Valerie Coleman, flute; Toyin Spellman-Diaz, oboe; Mariam Adam, clarinet; Jeff Scott, French horn; and Monica Ellis, bassoon, have been together as an ensemble since 1997 and “there wasn’t any particular event or conscious decision on our part that we would go from the standard repertoire to more modern pieces,” explains Coleman while on her lunch break from rehearsal. “Initially, when we started the idea was to play standard repertoire through our [African-American and Latino] heritage and possibly have a different spin on interpretation. But somehow [a modern repertoire] seemed like a natural fit. I can’t tell you exactly when we started to bring original works to the table because it was such a natural, organic occurrence.”
And bring they did. For a good part of its career, Imani Winds has been broadening the limited, standard literature not only by writing new music (Coleman and Scott are also composers) but also arrangements of unexpected source material and commissioning new work.
The result has been not only a wider but deeper, more diverse repertoire.
The quintet’s growing catalog includes works by Ravel, Mendelssohn, György Ligeti, and Luciano Berio—alongside Wayne Shorter, Jason Moran, Paquito D’Rivera and Mongo Santamaría.
Their concert on Wednesday, October 12 at UM Maurice Gusman Concert Hall, part of Festival Miami , also features the debut of the Stamps Woodwind Quintet. The program that evening includes music by Stravinsky, Debussy, and Czech composer Pavel Haas, but also by contemporary Mexican composer Gabriela Ortiz, and Imani’s own Valerie Coleman.

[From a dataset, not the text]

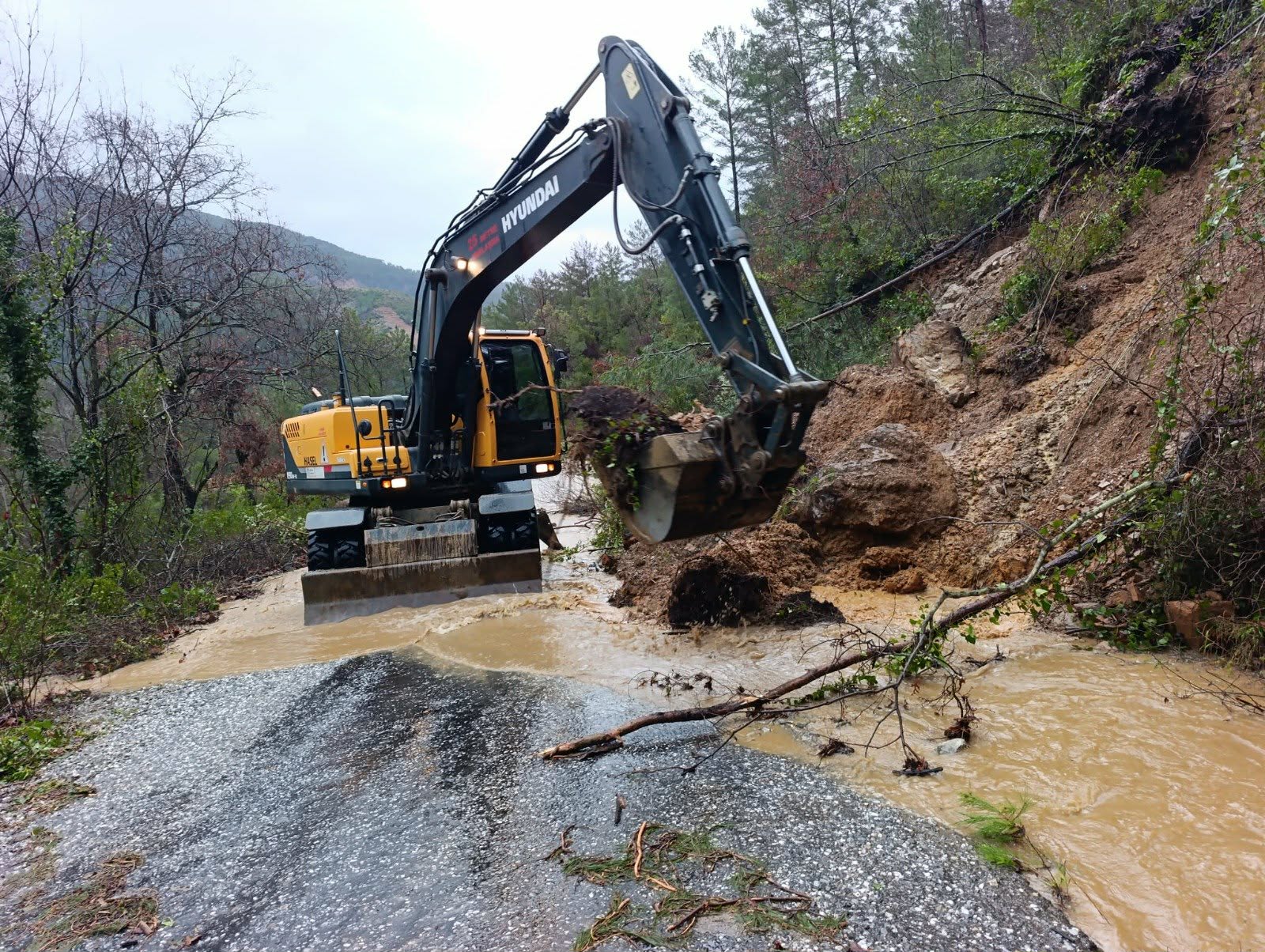 Antalya Büyükşehir Belediyesi ilçelerde etkili olan yağışın yol açtığı sel ve taşkın olaylarına müdahale ederken, Alanya’da da şiddetli yağışların kırsal yollarda yarattığı hasarlar onarılıyor.
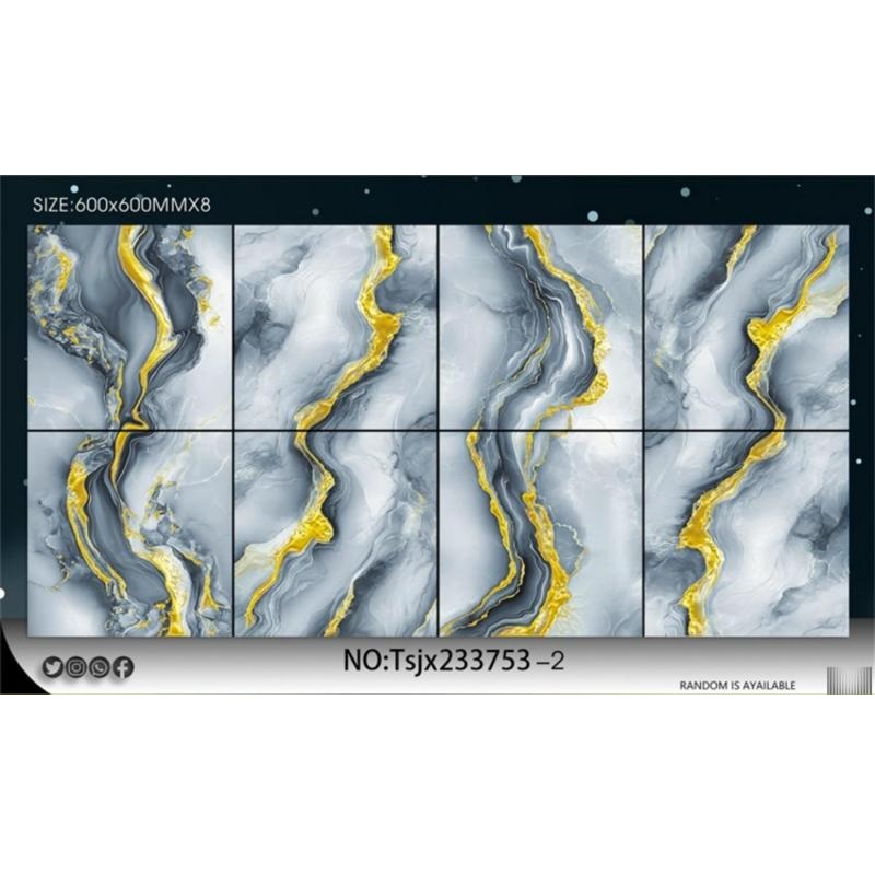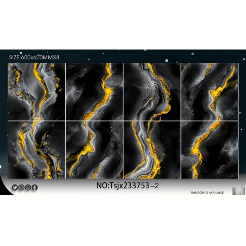 Designed to address interior design challenges such as lack of visual impact and limited decorative depth, this tile provides a refined and eye-catching solution. The polished surface combined with a dark tone and gold-inspired detailing enhances brightness while creating a strong and elegant atmosphere. Suitable for feature walls, decorative surfaces, and high-end residential or commercial interior applications.

The Stamps Woodwind Quintet will play a piece by English composer Malcolm Arnold and then join Imani Winds for a performance of Scott’s arrangement of music by the late New Tango master Astor Piazzolla.
The search for new, different pieces to play “was always on,” recalls Coleman. But what they found is that there wasn’t much available, she says, which in time led her and Scott to write new music “whenever we felt there was a need in the repertoire.”
“And we found that the adventurous stuff was really gratifying,” she says. “There was a certain energy to it that was addictive, and it really helped jump-start our evolution.”
In fact, as the members of Imani pushed the edges of its comfort zone and began commissioning new music and working with the composers, they got not only new pieces for the group, but also a richer vocabulary for themselves as players.
“Wayne [Shorter] has his own way of looking at music,” says Coleman. “The piece he wrote for us wasn’t your typical start-from-the-top-and-go. So we learned improvisation with him in a certain way. [Vibraphonist] Stefon Harris has a particular concept about scales. He has his own theory, and within those guidelines you are free to move about the cabin, so to speak.“
“And then you have [oud master] Simon Shaheen, working with Middle Eastern scales and all these great rhythms and embellishments,” she continues. “That was a really hard process for us because we really had to rewire part of our brains for it. But it was fine. All we have to do is just keep an open mind and be willing to try things.”